As we make dinner or stroll the supermarket aisles or scan a menu, many of us are thinking about our health. But far fewer of us will pause to consider how the food we eat impacts the environment that we depend on—even the climate that makes this planet livable. For six years, I had the honor of serving in the White House as the chef for the Obama family and the head of the administration's food policy work. That experience taught me that while our food system presents extraordinary challenges, it also offers us extraordinary opportunities.

Food, after all, sits squarely at the crossroads of public health and environmental sustainability. At an alarming level, the food production systems that have developed over the past century are serving both very poorly. Though the world is producing more food today than ever, still more than 800 million people are going hungry. At the same time, roughly two billion others are either overweight or obese because their diets consist of calorie-rich but nutrient-deficient food, which causes a host of health problems and diseases.

Meanwhile, the same systems that produce staggering volumes of low nutrient, crops and cheap red meat are wreaking havoc on our air, our water and our soil. As it stands, food production is the single largest driver of environmental change worldwide, using 70 percent of all freshwater and producing nearly 30 percent of all global greenhouse gas emissions. And agricultural emissions are rapidly increasing—with experts predicting agriculture becoming the number one driver of greenhouse gas emissions in our lifetimes. Agriculture alone has claimed nearly 40 percent of all the planet's land, wiping out critical habitats and local ecosystems, causing a loss of biodiversity so great that we're now living through the Sixth Great Extinction.

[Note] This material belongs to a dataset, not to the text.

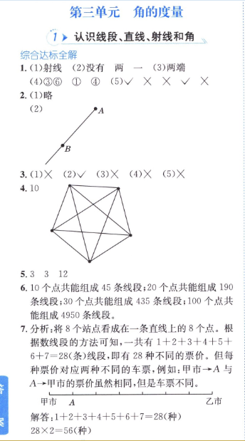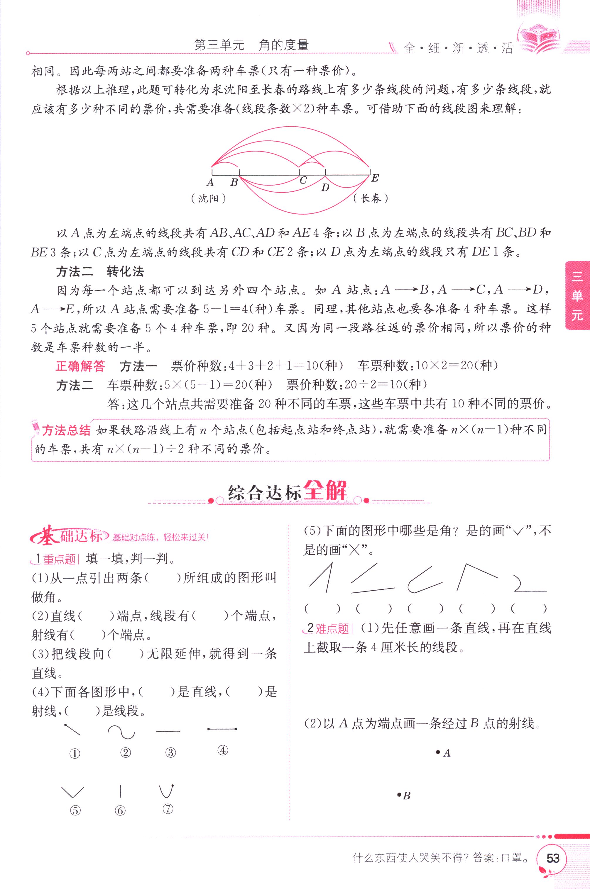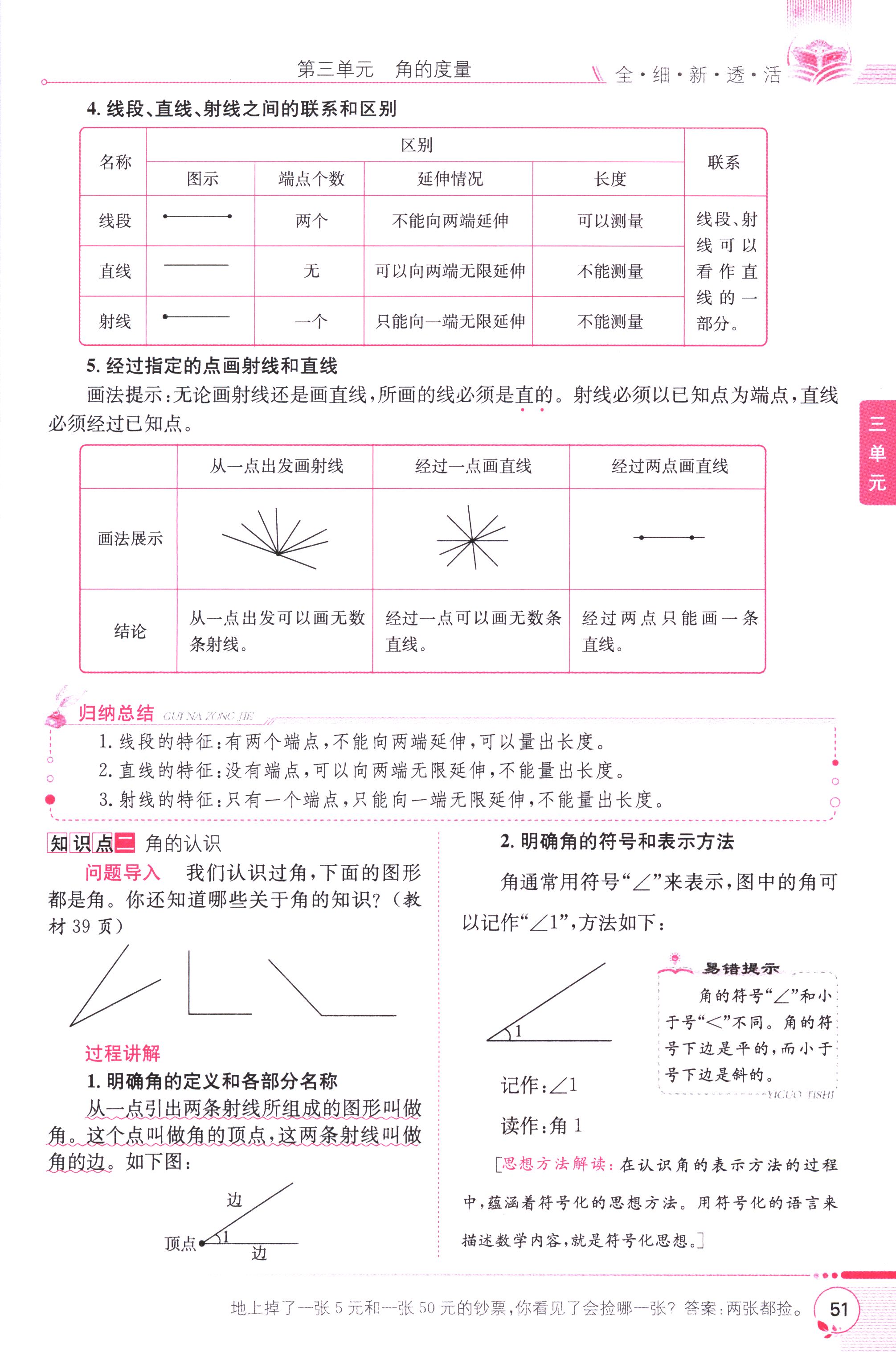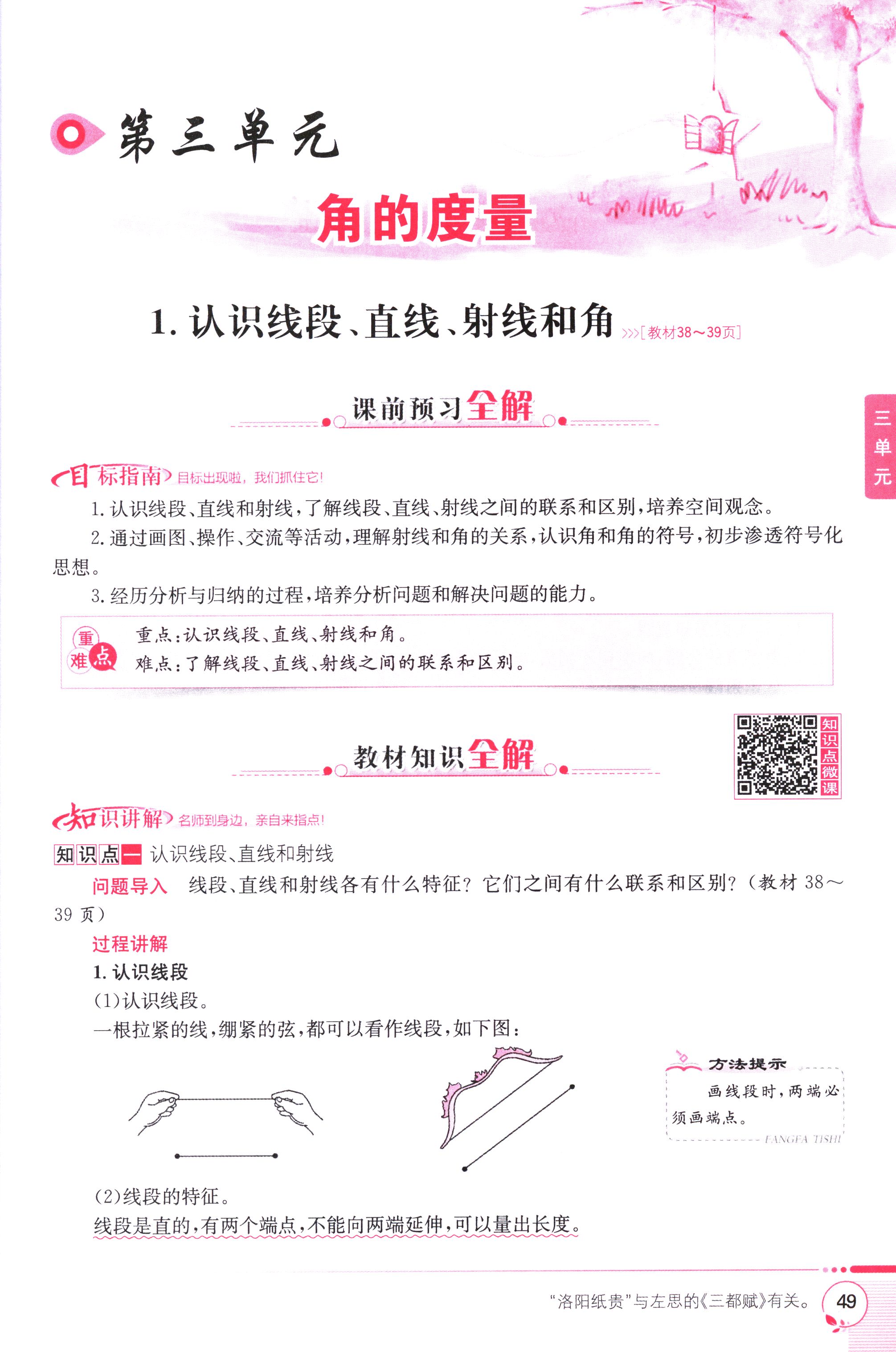 第三單元 角的度量 1.認(rèn)識線段、直線、射線和角

Climate change will make all of this dramatically worse. But we can't truly begin to tackle our most urgent environmental concerns without addressing the food we eat.

Fortunately, we are coming to understand that the same shifts we make to our diets to improve our health also happen to lessen the burden that our food systems bear on our environment. A new report from the EAT Foundation and the Lancet Medical Journal provides comprehensive science based analysis about how we can fix our diet by more efficiently producing and delivering healthier, climate-smart food.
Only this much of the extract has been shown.